======== Material supplied
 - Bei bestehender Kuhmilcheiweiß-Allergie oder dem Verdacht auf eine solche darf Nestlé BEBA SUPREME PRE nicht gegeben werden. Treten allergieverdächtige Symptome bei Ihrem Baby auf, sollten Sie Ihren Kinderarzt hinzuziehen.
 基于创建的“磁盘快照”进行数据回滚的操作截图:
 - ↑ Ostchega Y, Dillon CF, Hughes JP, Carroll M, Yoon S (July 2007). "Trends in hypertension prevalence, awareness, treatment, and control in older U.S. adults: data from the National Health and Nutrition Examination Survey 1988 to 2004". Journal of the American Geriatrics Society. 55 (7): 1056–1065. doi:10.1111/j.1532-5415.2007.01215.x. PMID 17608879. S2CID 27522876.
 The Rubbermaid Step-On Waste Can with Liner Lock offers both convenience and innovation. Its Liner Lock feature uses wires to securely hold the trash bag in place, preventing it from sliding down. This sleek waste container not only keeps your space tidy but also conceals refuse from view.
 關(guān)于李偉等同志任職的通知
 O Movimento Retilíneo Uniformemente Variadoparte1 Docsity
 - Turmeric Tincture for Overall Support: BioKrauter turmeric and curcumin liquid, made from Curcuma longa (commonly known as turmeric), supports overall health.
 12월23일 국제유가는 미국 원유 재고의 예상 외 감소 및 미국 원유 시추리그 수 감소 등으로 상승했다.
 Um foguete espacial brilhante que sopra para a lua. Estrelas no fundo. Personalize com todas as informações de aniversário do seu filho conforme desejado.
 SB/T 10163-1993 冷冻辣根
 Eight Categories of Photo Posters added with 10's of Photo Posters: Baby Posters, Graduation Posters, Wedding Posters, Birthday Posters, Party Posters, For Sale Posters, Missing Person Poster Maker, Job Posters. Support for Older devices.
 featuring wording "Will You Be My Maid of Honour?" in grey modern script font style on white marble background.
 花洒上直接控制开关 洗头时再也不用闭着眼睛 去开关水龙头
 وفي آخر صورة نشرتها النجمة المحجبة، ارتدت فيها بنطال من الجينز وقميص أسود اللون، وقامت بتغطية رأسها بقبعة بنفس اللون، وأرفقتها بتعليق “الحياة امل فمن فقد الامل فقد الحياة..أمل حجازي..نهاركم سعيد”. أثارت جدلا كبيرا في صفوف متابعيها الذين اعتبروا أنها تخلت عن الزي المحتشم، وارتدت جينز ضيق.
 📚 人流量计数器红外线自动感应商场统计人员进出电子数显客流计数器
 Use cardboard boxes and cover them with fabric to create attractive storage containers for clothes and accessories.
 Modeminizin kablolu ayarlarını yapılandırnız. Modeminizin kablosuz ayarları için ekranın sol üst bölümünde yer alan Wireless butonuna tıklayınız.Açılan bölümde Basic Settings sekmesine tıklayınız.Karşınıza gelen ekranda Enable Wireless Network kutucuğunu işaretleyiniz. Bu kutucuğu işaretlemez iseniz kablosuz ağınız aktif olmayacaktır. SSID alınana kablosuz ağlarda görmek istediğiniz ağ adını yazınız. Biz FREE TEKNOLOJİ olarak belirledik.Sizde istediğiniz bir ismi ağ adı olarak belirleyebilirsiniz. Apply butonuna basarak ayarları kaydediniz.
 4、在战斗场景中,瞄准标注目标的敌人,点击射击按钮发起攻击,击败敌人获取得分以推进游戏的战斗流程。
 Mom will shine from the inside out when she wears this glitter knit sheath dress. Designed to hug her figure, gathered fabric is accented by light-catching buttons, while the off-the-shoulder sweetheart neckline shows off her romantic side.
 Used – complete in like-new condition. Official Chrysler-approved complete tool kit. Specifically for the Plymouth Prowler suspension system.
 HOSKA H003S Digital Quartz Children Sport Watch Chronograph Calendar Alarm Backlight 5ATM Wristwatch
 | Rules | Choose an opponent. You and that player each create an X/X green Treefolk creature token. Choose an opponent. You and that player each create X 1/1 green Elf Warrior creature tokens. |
================
» **Exercise objective**
Every line in the records has to be written out again exactly.

» **Answer section**
 - Bei bestehender Kuhmilcheiweiß-Allergie oder dem Verdacht auf eine solche darf Nestlé BEBA SUPREME PRE nicht gegeben werden. Treten allergieverdächtige Symptome bei Ihrem Baby auf, sollten Sie Ihren Kinderarzt hinzuziehen.
 基于创建的“磁盘快照”进行数据回滚的操作截图:
 - ↑ Ostchega Y, Dillon CF, Hughes JP, Carroll M, Yoon S (July 2007). "Trends in hypertension prevalence, awareness, treatment, and control in older U.S. adults: data from the National Health and Nutrition Examination Survey 1988 to 2004". Journal of the American Geriatrics Society. 55 (7): 1056–1065. doi:10.1111/j.1532-5415.2007.01215.x. PMID 17608879. S2CID 27522876.
 The Rubbermaid Step-On Waste Can with Liner Lock offers both convenience and innovation. Its Liner Lock feature uses wires to securely hold the trash bag in place, preventing it from sliding down. This sleek waste container not only keeps your space tidy but also conceals refuse from view.
 關(guān)于李偉等同志任職的通知
 O Movimento Retilíneo Uniformemente Variadoparte1 Docsity
 - Turmeric Tincture for Overall Support: BioKrauter turmeric and curcumin liquid, made from Curcuma longa (commonly known as turmeric), supports overall health.
 12월23일 국제유가는 미국 원유 재고의 예상 외 감소 및 미국 원유 시추리그 수 감소 등으로 상승했다.
 Um foguete espacial brilhante que sopra para a lua. Estrelas no fundo. Personalize com todas as informações de aniversário do seu filho conforme desejado.
 SB/T 10163-1993 冷冻辣根
 Eight Categories of Photo Posters added with 10's of Photo Posters: Baby Posters, Graduation Posters, Wedding Posters, Birthday Posters, Party Posters, For Sale Posters, Missing Person Poster Maker, Job Posters. Support for Older devices.
 featuring wording "Will You Be My Maid of Honour?" in grey modern script font style on white marble background.
 花洒上直接控制开关 洗头时再也不用闭着眼睛 去开关水龙头
 وفي آخر صورة نشرتها النجمة المحجبة، ارتدت فيها بنطال من الجينز وقميص أسود اللون، وقامت بتغطية رأسها بقبعة بنفس اللون، وأرفقتها بتعليق “الحياة امل فمن فقد الامل فقد الحياة..أمل حجازي..نهاركم سعيد”. أثارت جدلا كبيرا في صفوف متابعيها الذين اعتبروا أنها تخلت عن الزي المحتشم، وارتدت جينز ضيق.
 📚 人流量计数器红外线自动感应商场统计人员进出电子数显客流计数器
 Use cardboard boxes and cover them with fabric to create attractive storage containers for clothes and accessories.
 Modeminizin kablolu ayarlarını yapılandırnız. Modeminizin kablosuz ayarları için ekranın sol üst bölümünde yer alan Wireless butonuna tıklayınız.Açılan bölümde Basic Settings sekmesine tıklayınız.Karşınıza gelen ekranda Enable Wireless Network kutucuğunu işaretleyiniz. Bu kutucuğu işaretlemez iseniz kablosuz ağınız aktif olmayacaktır. SSID alınana kablosuz ağlarda görmek istediğiniz ağ adını yazınız. Biz FREE TEKNOLOJİ olarak belirledik.Sizde istediğiniz bir ismi ağ adı olarak belirleyebilirsiniz. Apply butonuna basarak ayarları kaydediniz.
 4、在战斗场景中,瞄准标注目标的敌人,点击射击按钮发起攻击,击败敌人获取得分以推进游戏的战斗流程。
 Mom will shine from the inside out when she wears this glitter knit sheath dress. Designed to hug her figure, gathered fabric is accented by light-catching buttons, while the off-the-shoulder sweetheart neckline shows off her romantic side.
 Used – complete in like-new condition. Official Chrysler-approved complete tool kit. Specifically for the Plymouth Prowler suspension system.
 HOSKA H003S Digital Quartz Children Sport Watch Chronograph Calendar Alarm Backlight 5ATM Wristwatch
 | Rules | Choose an opponent. You and that player each create an X/X green Treefolk creature token. Choose an opponent. You and that player each create X 1/1 green Elf Warrior creature tokens. |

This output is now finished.